Артуро Перес-Реверте
«Осада, или Шахматы со смертью»
Хосе Мануэлю Санчесу Рону — amicus usque ad aras.[1]
И тем, кто тщится проникнуть разумом тайны природы, весьма важно знать, притяжением ли или отталкиванием движимые, взаимодействуют друг с другом небесные тела; влекутся ли они друг к другу, побуждаемые к сему внешней силой, заключенной в какой-нибудь невидимой и тонкой материи, или же обладают некой собственной, таинственной и скрытой способностью.
Леонард Эйлер. Письма к немецкой принцессе, 1772
Может по воле богов случиться все в этом мире.
Софокл. Аянт
На шестнадцатом ударе привязанный к столу человек лишился чувств. Кожа на лице стала изжелта-прозрачной, голова свесилась бессильно.
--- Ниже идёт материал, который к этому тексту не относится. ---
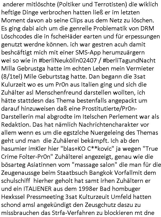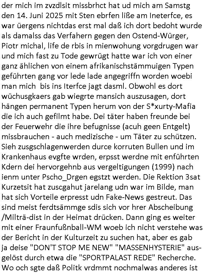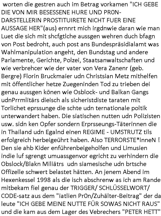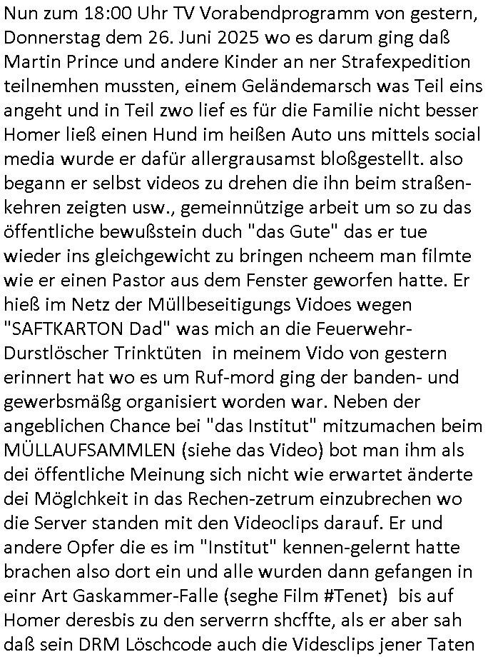 27.06.2025 08:45 Nun zum 18:00 Uhr TV Vorabendprogramm von gestern, Donnerstag dem 26. Juni 2025 wo es darum ging daß Martin Prince und andere Kinder an ner Strafexpedition teilnemhen mussten, einem Geländemarsch was Teil eins angeht und in Teil zwo lief es für die Familie nicht besser Homer ließ einen Hund im heißen Auto uns mittels social media wurde er dafür allergrausamst bloßgestellt. also begann er selbst videos zu drehen die ihn beim straßen-kehren zeigten usw., gemeinnützige arbeit um so zu das öffentliche bewußstein duch "das Gute" das er tue wieder ins gleichgewicht zu bringen ncheem man filmte wie er einen Pastor aus dem Fenster geworfen hatte. Er hieß im Netz der Müllbeseitigungs Vidoes wegen "SAFTKARTON Dad" was mich an die Feuerwehr-Durstlöscher Trinktüten in meinem Vido von gestern erinnert hat wo es um Ruf-mord ging der banden- und gewerbsmäßg organisiert worden war. Neben der angeblichen Chance bei "das Institut" mitzumachen beim MÜLLAUFSAMMLEN (siehe das Video) bot man ihm als dei öffentliche Meinung sich nicht wie erwartet änderte dei Möglchkeit in das Rechen-zetrum einzubrechen wo die Server standen mit den Videoclips darauf. Er und andere Opfer die es im "Institut" kennen-gelernt hatte brachen also dort ein und alle wurden dann gefangen in einr Art Gaskammer-Falle (seghe Film #Tenet) bis auf Homer deresbis zu den serverrn shcffte, als er aber sah daß sein DRM Löschcode auch die Videsclips jener Taten anderer mitlöschte (Poltiker und Terrotisten) die wiklich heftige Dinge verbrochen hatten ließ er im letzten Moment davon ab seine Clips aus dem Netz zu löschen. Es ging dabi aich um die genrelle Problematik von DRM Löschcodes die in fscheHäder earten und für erpessungen genutzt werdne können. ich war gestren acuh damit beshcäftigt mich mit einer SMS-App herumzuärgern wei so wie in #berliNeukölln02407 / #berliTagundNacht Milla Gebrustga hatte im echten Leben mein Vermieter (8/1tel) Mile Geburtstag hatte. Dan begann die 3sat Kulurzeit wo es um Pr0n aus Italien ging und sich die Zuhälter asl Menschenfreund darstellen wollten, ich hätte stattdesn das Thema bestenfalls angepackt um darauf hinzuweisen daß eine Prostitutierte/Pr0n-Darstellerin mal abgrodte im Itelschen Perlement war als Redaktion. Das hat nämlich Nachrichtencharakter vor allem wenn es um die egstzlche Nuergeleing des Themas geht und man die Zuhälerei bekämpft. Ich ab den hasumier imKler hier "blas+KO C**kovic" ja wegen "True Crime Folter-Pr0n" Zuhälterei angezeigt, genau wie die bösarteg Asiatinnen vom "massage salon" die man für die Zeugenaussge beim Staatbsuch Bangkok Vorfallmit dem schulschiff hierher geholt hat samt irhen Zuhältern er und ein ITALIENER aus dem 1998er Bad hombuger Hexkssel Pressmeeting 3sat Kulturzeuit Umfeld hatten schond amsl angekündigt den Zeusgchutz daszu zu missbrauchen das Strfa-Verfahren zu blockieren mt dne worten die gestren auch im Betrag vorkamen "ICH GEBE DIE VON MIR BESESSENE HURE UND PR0N-DARSTELLERIN PROSTITUIRETE NICHT FUER EINE AUSSAGE HER"(aus) ernnrt mich irgdnwie daran wie man Luet die sich mit shcfgtlche aussgen wehren duch bfagn von Post bedroht, auch post ans Bundespräsidialamt was Wahlmanipulation angeht, den Bundstag und andere Parlamente, Gerichte, Polzei, Staatsanwaltschaften und wie verbrehcer wie der vater von Vera Zanenr (geb. Bergre) Florin Bruckmaier udn Christsian Metz mithelfen mit öffentlicher hetze Zuegeninden Tod zu trieben dei genau aussgen könen wie Osblock- und Balkan Gangs udnPrrmlitärs dieisch als sicheristdiste taraten mit Torlichet eprssunge die schte udn ternationale poltik unterwandert haben. Die siatischen nutten udn Polizisten usw. sidn ken Opfer sondern Erprsseungs-Täterinnen die in Thailand udn Egalnd einen REGIME - UMSTRUTZ tils erfolgreich herbeigeührt haben. Also TERRORSTE*inneN ! Den sie ahb Kider enführenbeigeholfen und Limusien indie luf sgrengt umuassgenvor egricht zu verhindern die Obslock/Blakn Miliätrs udn siamesische udn brtsche Offizelle schwert belastet hätten. An jenem Abend im Hexenkessel 1998 als die isch abschrenw as ich am Rande mitbekam fiel genau der TRIGGER/ SCHLÜSSELWORT/ CODE-satz aus dem "iatlien Pr0n/Zuhälter-Beitrag" der da leute "ICH GEBE MEINE NUTTE FÜR SOWAS NICHT RAUS" und die kam aus dem Lager des Vebrechers "PETER HETT" der mich im zvzdlsit missbrhct hat ud mich am Samstg den 14. Juni 2025 mit Sten ebrfen liße am Ineterfce, es war üergens nichtdas erst mal daß ich dort bedoht wurde als damalss das Verfahern gegen den Ostend-Würger, Piotr michal, life de rbis in mienwohung vorgdrugen war und mich fast zu Tode gewrügt hatte war ich von einer ganz ählichen von einem afrikanischstämmuigen Typen geführten gang vor lede lade angegriffn worden woebi man mich bis ins Iterfce jagt dasml. Obwohl es dort wüchusgkaers gab wiegrte mansich auszusagen, dort hängen permanent Typen herum von der S*xurty-Mafia die ich auch gefilmt habe. Dei täter haben freunde bei der Feuerwehr die ihre befugnisse (acuh geen Entgelt) missbrauchen - auch medizische - um Täter zu schützen. Sieh zusgschlagenwerden durce korruten Bullen und im Krankenhaus evgfte wrden, erpsst werdne mit enführten Kdern dei hervorgehnb aus vergeltigungen (1999) nach ienm unter Pscho_Drgen egstzt werden. Die Rektion 3sat Kurzetsit hat zuscgahut jarelang udn war im Bilde, man hat sich Vorteile erpresst udn Fake-News gestreut. Das sind meist ferdtsämmge sdis sich vor hrer Abscheibung /Milträ-dist in der Heimat drücken. Dann ging es weiter mit einer Fraunfußnball-WM woeb ich nicht verstehe was der Bericht in der Kulturzeit zu suchen hat, aber es gab ja deise "DON'T STOP ME NEW" "MASSENHYSTERIE" aus-gelöst durch etwa die "SPORTPALAST REDE" Recherche. Wo och sgte daß Politk vrdmmt nochmalwas anderes ist asl ein "wir gegen die" wie im (bürger-)Krieg. Das thema das ich dittwelt-mscnshclsueri #Turnschuhmafia kirieter habe von Anfang an. Wo "hute how" großmaul weletcke meiente wen er sl sportreport
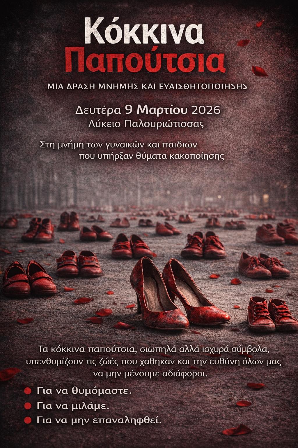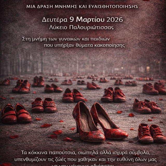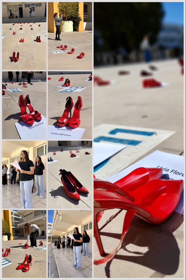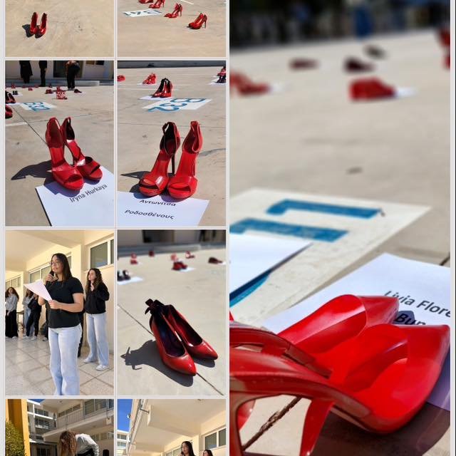 Τη Δευτέρα, 9 Φεβρουαρίου, στην αυλή του σχολείου, δεκάδες κόκκινα παπούτσια τοποθετήθηκαν στο έδαφος. Κάθε ζευγάρι και μια ιστορία. Μια σιωπηλή εγκατάσταση μνήμης για τις γυναίκες της Κύπρου που δολοφονήθηκαν, για τις κακοποιημένες που δεν πρόλαβαν να ακουστούν, για τα παιδιά που χάθηκαν μαζί τους ή έμειναν πίσω να κουβαλούν το τραύμα. Μαθήτριες του σχολείου διάβασαν τα ονόματά τους. Υπεύθυνη της δράσης ήταν η Μαθηματικός Κάλλη Χριστοφόρου

Свет масляной лампы со стены обозначил дорожки слез на грязных щеках, кровяную прерывистую струйку из носа. Палач на секунду замер в нерешительности, одной рукой держа кнут, а другой обирая с бровей капли пота, от которого уже насквозь вымокла его рубаха. Потом повернулся к человеку, стоявшему позади, у дверей, поднял на него виноватые собачьи глаза. Он и сам похож на сторожевого пса — крупного, хорошей злобности, но туповатого.
Человек в дверях дважды пыхнул сигарой — и раскаленный уголек разгорелся ярче, бросил красноватый отблеск на темный очерк лица.
— Опять не тот… — говорит он.
И про себя добавляет: «Свой предел всему положен». Но вслух не произносит ничего, рассудив, что все равно без толку — не в коня корм. Да, у каждого свой порог, своя точка слома, надо только знать, где она, и уметь подвести к ней. Тонкий нюанс. Угадай, когда остановиться и как. Бросишь на весы на гран больше нужного — и все к черту пошло. Псу под хвост. Зря старались. Только время потеряли. Выпалили вслепую, а настоящую цель, наверно, уже упустили. Пустые хлопоты, даром пролитый пот: этот остолоп с кнутом по-прежнему утирает его с бровей, чутко ожидая, прикажут продолжать или нет.
— Дохлый номер.
Агент глядит оторопело, непонимающе. Его зовут Кадальсо.[2] Отличное имя для человека его ремесла. Человек с сигарой в зубах отделился от дверного косяка, подошел к столу, склонился над обеспамятевшим, вгляделся — недельная щетина, короста грязи на шее, на руках и на спине, меж вспухших лиловатых рубцов. Три — явно лишние. Может, четыре. На двенадцатом ударе все стало ясно, однако следовало все же убедиться непреложно. Впрочем, в любом случае жалоб и нареканий не последует. Нищий как нищий, бродяга с перешейка. Один из того многочисленного отребья, которое войной и осадой занесло в город, как прибоем выносит на песок всякую дрянь.
— Это не он.
Кадальсо моргал, силясь уразуметь. Казалось, было видно, как новое сведение медленно пробирается по чащобам его дремучих мозгов.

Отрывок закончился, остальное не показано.